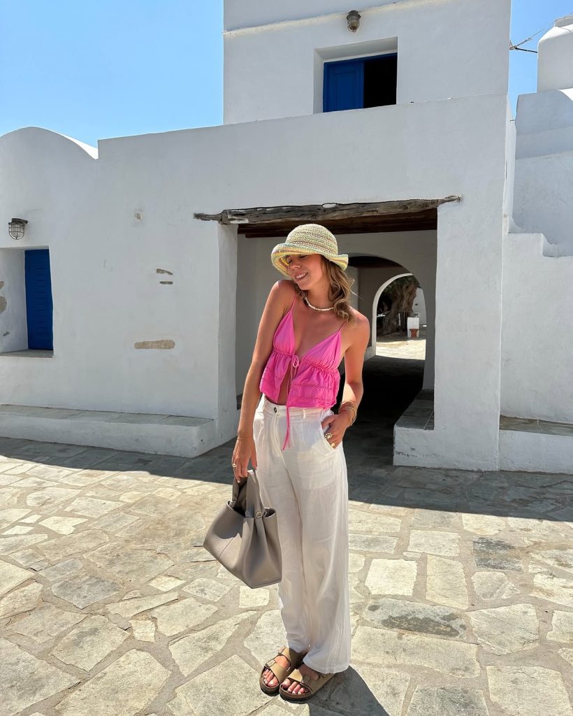For those days spent exploring charming Greek villages, a lightweight, airy outfit is a must! A bright pink crop top adds a playful pop of color, while the white linen pants keep things cool and comfortable. Add a woven sun hat and some comfy sandals, and you’re ready for a day of boutique shopping and café hopping!
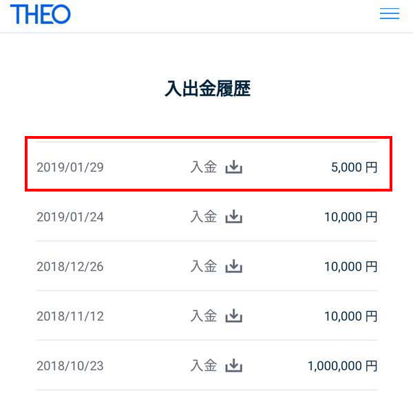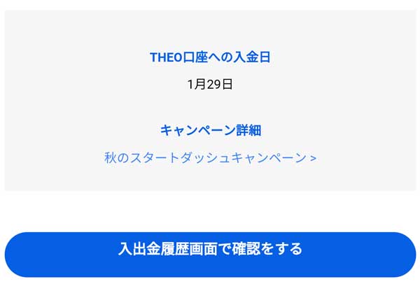 自動振替から3営業日後にTHEOの口座へ入金
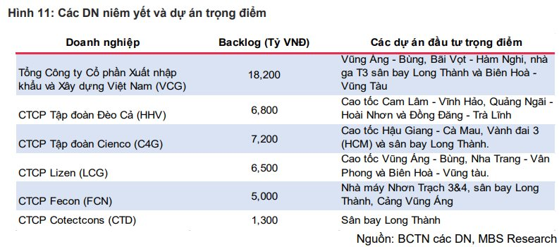 Đối với các doanh nghiệp xây dựng niêm yết, nhóm phân tích đánh giá cao các doanh nghiệp có kinh nghiệm triển khai và backlog xây dựng lớn nhằm hưởng lợi tại các dự án trọng điểm, bên cạnh đó, kinh nghiệm triển khai có thể tác động tích cực trong quá trình đấu thầu để tăng trưởng backlog.
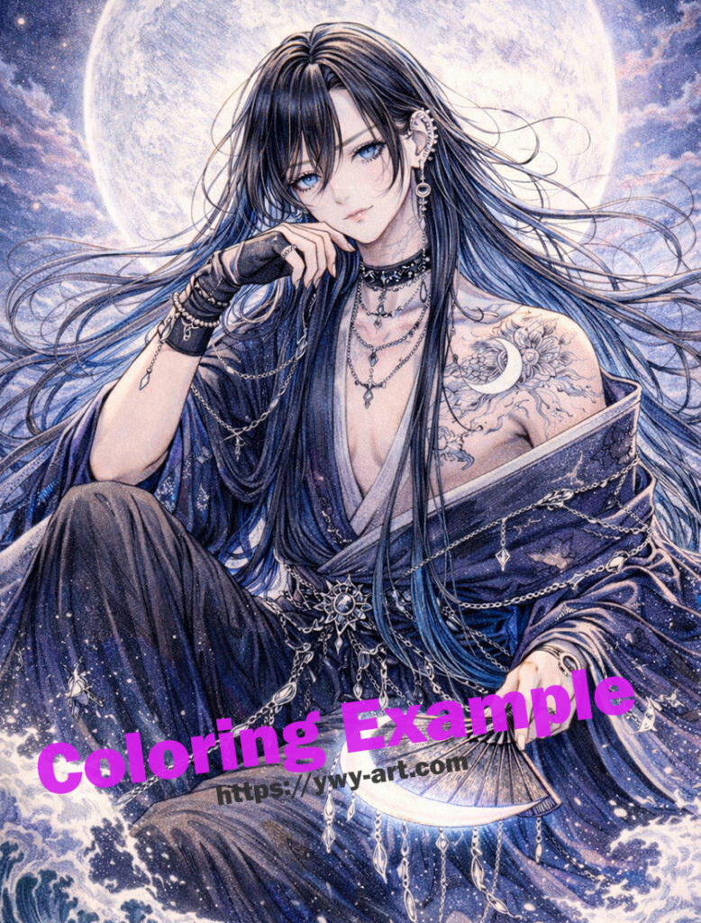 Flowing hair, silver ornaments, and crescent moon motifs emphasize the divine connection between the god and the night sky. The surrounding ocean waves reflect the influence of the moon over tides, while the calm posture of the deity represents quiet authority and watchful serenity.
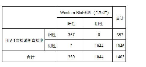 表1尿液HIV-1自测试剂盒与金标准的检测结果比对
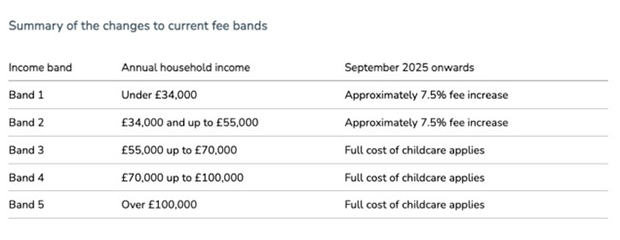 The Town Hall has said the fee changes have been timed to take place at the same time the government’s expansion of free childcare for eligible parents will take effect, limiting the impact on families.
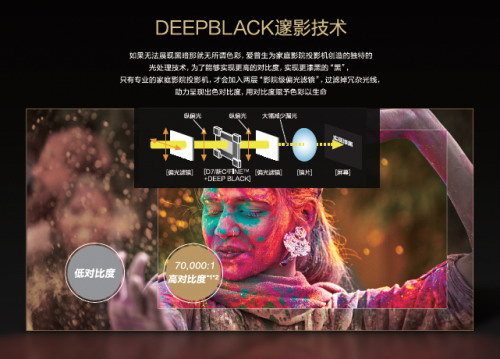 高亮度會給遮光條件不好的環境帶來更好的畫質,但是過高的亮度,有可能會導致對比度的下降,比如讓黑色沉不下去,嚴重的會變為灰色,從而降低家庭影院的效果。明和暗的對比,直接決定了畫面帶來的沖擊力,對比度越大意味著能夠呈現的黑白過渡細節越多,色彩層次亦會更加細膩。愛普生CH-TW5800投影機,通過愛普生獨有的專門為家庭影院創造的DeepBlack技術,對比度高達70000:1*3*4,讓亮的地方更亮讓暗的地方更暗。無論原電影畫面色彩是深抑或是淺,都能完整展現出畫面的景深與細節。無論是白天使用還是晚上使用,都能帶來清晰、明亮的影像,輕松觀影,還等什么。
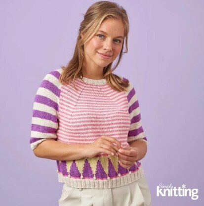This is a pattern for a stripes and border jumper, originally published in Simply Knitting. It is worked in stocking stitch with an intarsia border with bobbles, 2 x 2 rib edges and raglan sleeves. Photos Simply Knitting.
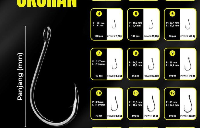 - Power Hook: Desain mata kail dengan struktur tebal untuk menahan beban ikan besar.
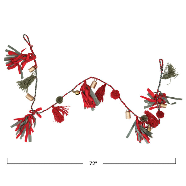 72"L Metal Bells Garland w/ Pom Poms, Tassels & Fabric Remnants, Multi Color
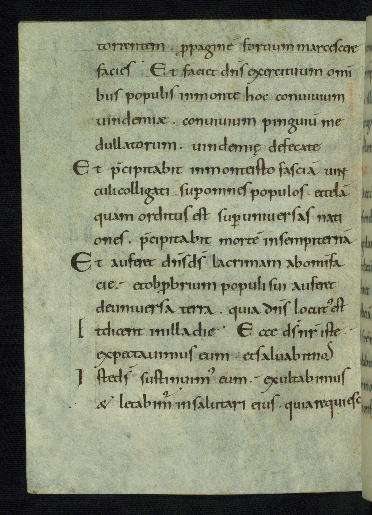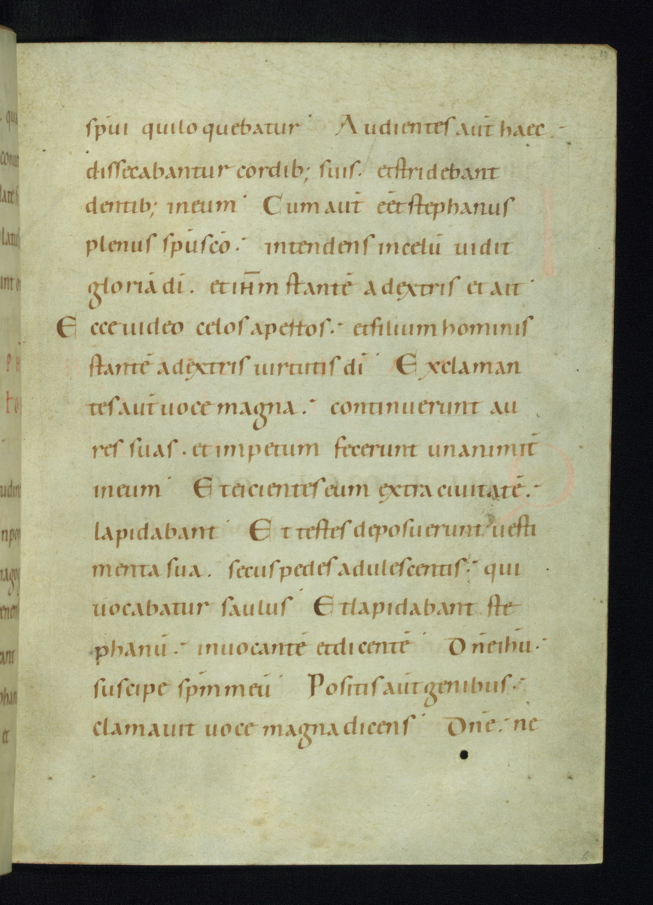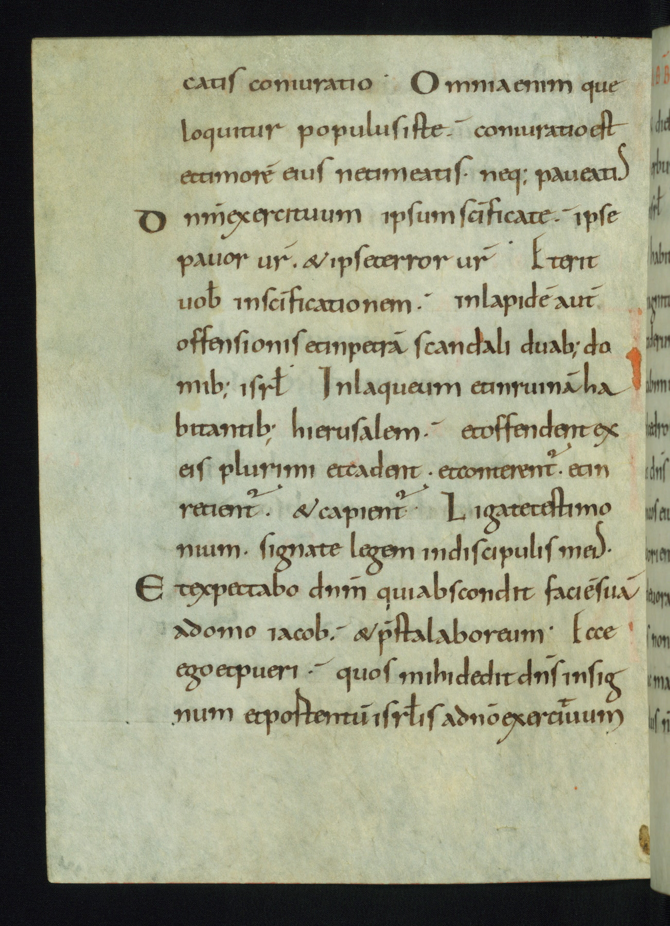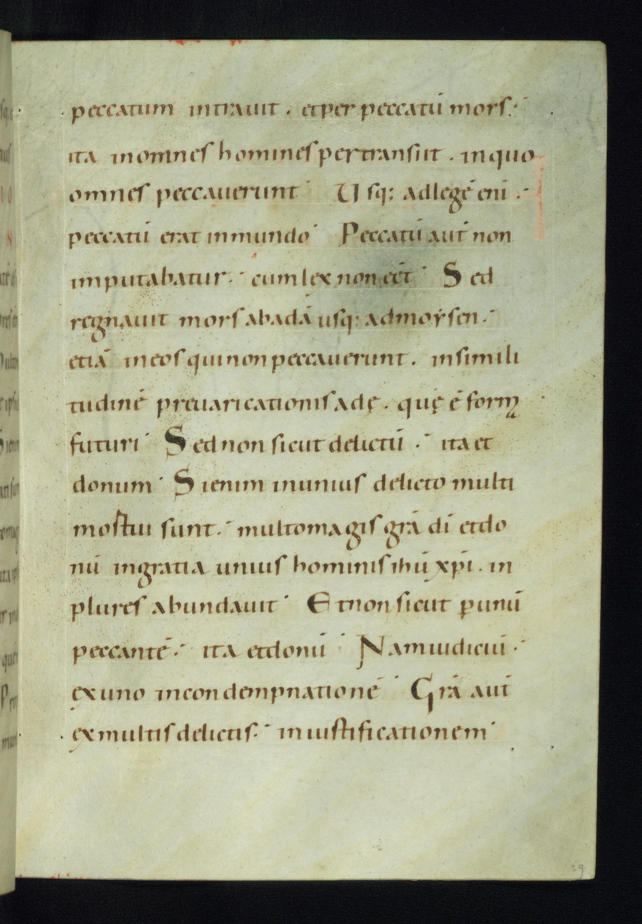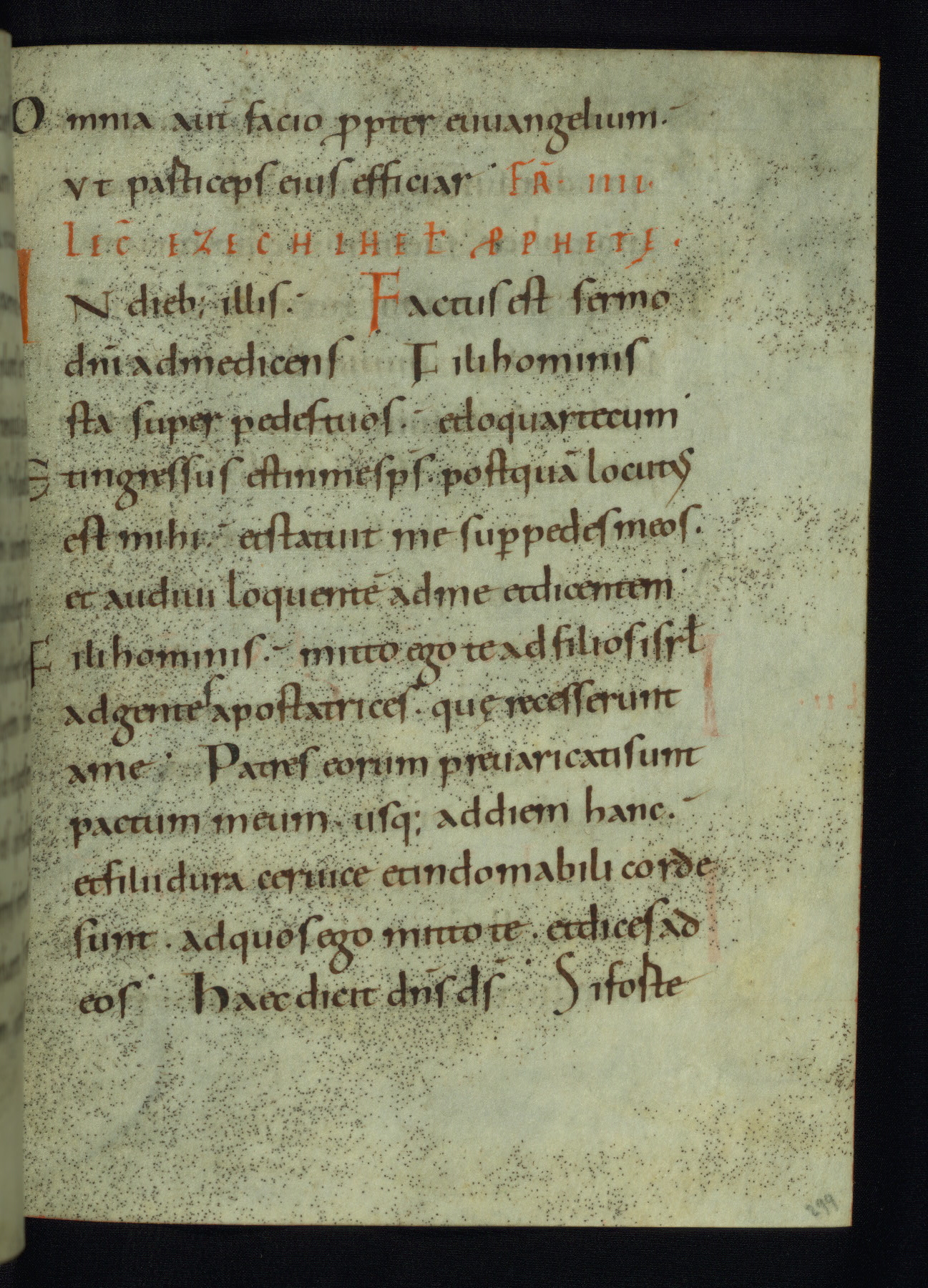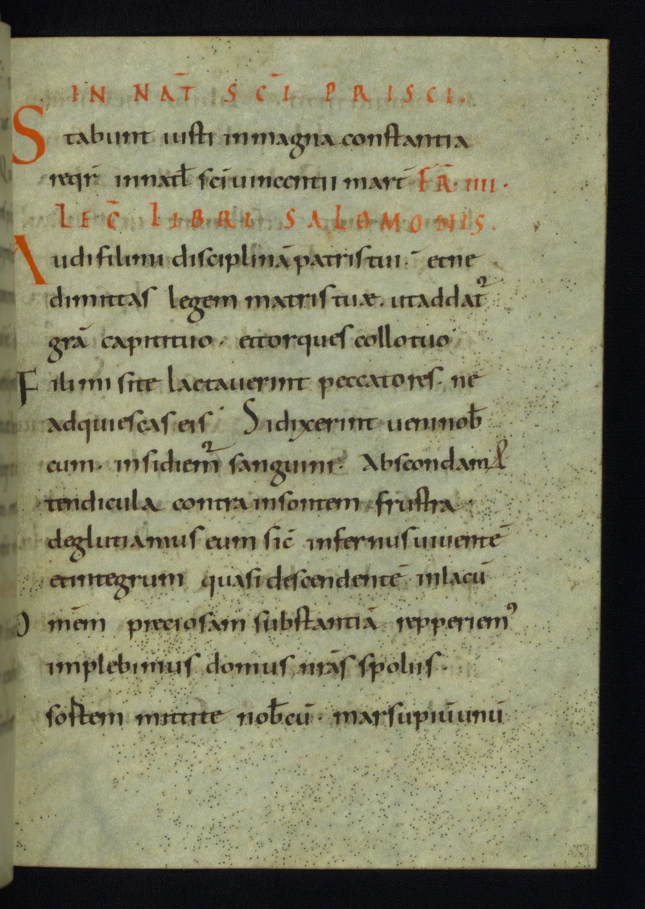 This Lectionary was created ca. 1000 in Trier. Written in a clear Caroline minuscule, it contains decorated initials at the openings of important readings. A set of illuminated letters marks the beginning of the Epistle and Gospel lessons for Easter; they display the hierarchy of scripts with capital letters decorated with gold leaf or drawn in red ink, followed by uncial and Caroline minuscule. Initials in orange, sometimes filled with gold, mark the divisions of the text. The book has been stylistically compared with Ottonian manuscripts, especially with a Psalter preserved in Trier (Stadtbibliothek, Ms. 7) illuminated by the so-called Master of the Registrum Gregorii.
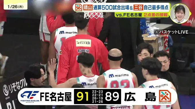 広島ドラゴンフライズは、メイヨ・ニック選手と渡部琉選手が新たに負傷欠場という苦境の中、アウェイで同じ西地区のファイティングイーグルス名古屋と対戦しました。
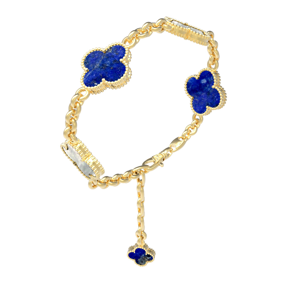 Браслет из лимонного золота 585 пробы c лазуритом и перламутром
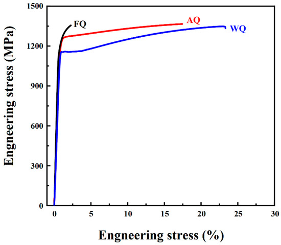 The engineering stress–strain curves of the WQ, AQ, and FQ samples are shown in Figure 5. Both the WQ and AQ samples exhibit a good combination of ultra-high strength and good ductility, while the FQ sample shows severely deteriorated elongation. Specifically, the yield strength and ultimate tensile strength of the WQ sample were 1094 MPa and 1315 MPa, respectively, with an elongation of 23.3%. The yield strength and tensile strength of the AQ samples further increased, reaching 1232 MPa and 1347 MPa, respectively, while the elongation slightly decreased to 17.4%. It is worth noting that compared to the AQ sample, the yield strength and tensile strength of the FQ sample did not change much at the levels of 1251 MPa and 1357 MPa, respectively, while the elongation rate significantly decreased to 2.3%.
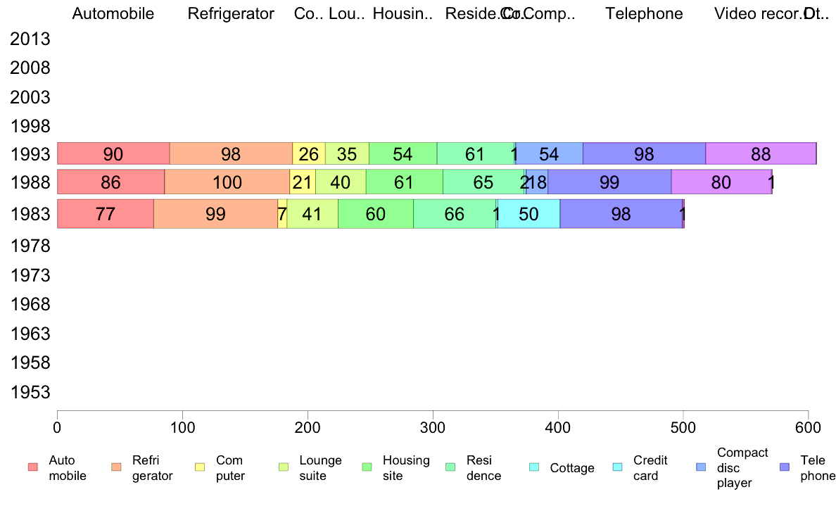 | 1 | Automobile (non-commercial) | | 2 | Refrigerator | | 3 | Computer (or microcomputer) | | 4 | Lounge suite | | 5 | Housing site | | 6 | Residence (including a condominium) | | 7 | Cottage (including co-owned cottages) | | 8 | Credit card | | 9 | Compact disc player | | 10 | Telephone | | 11 | Video recorder | | 12 | Other(Specify) | 13 D.K. |
════════════════
* What to produce:
Transcribe only the lines above that start at the line containing "表1尿液HIV-1自测试剂盒与金标准的检测结果比对" and end at the line containing "The Town Hall". Omit pictures.

* Task response:
 表1尿液HIV-1自测试剂盒与金标准的检测结果比对
 The Town Hall has said the fee changes have been timed to take place at the same time the government’s expansion of free childcare for eligible parents will take effect, limiting the impact on families.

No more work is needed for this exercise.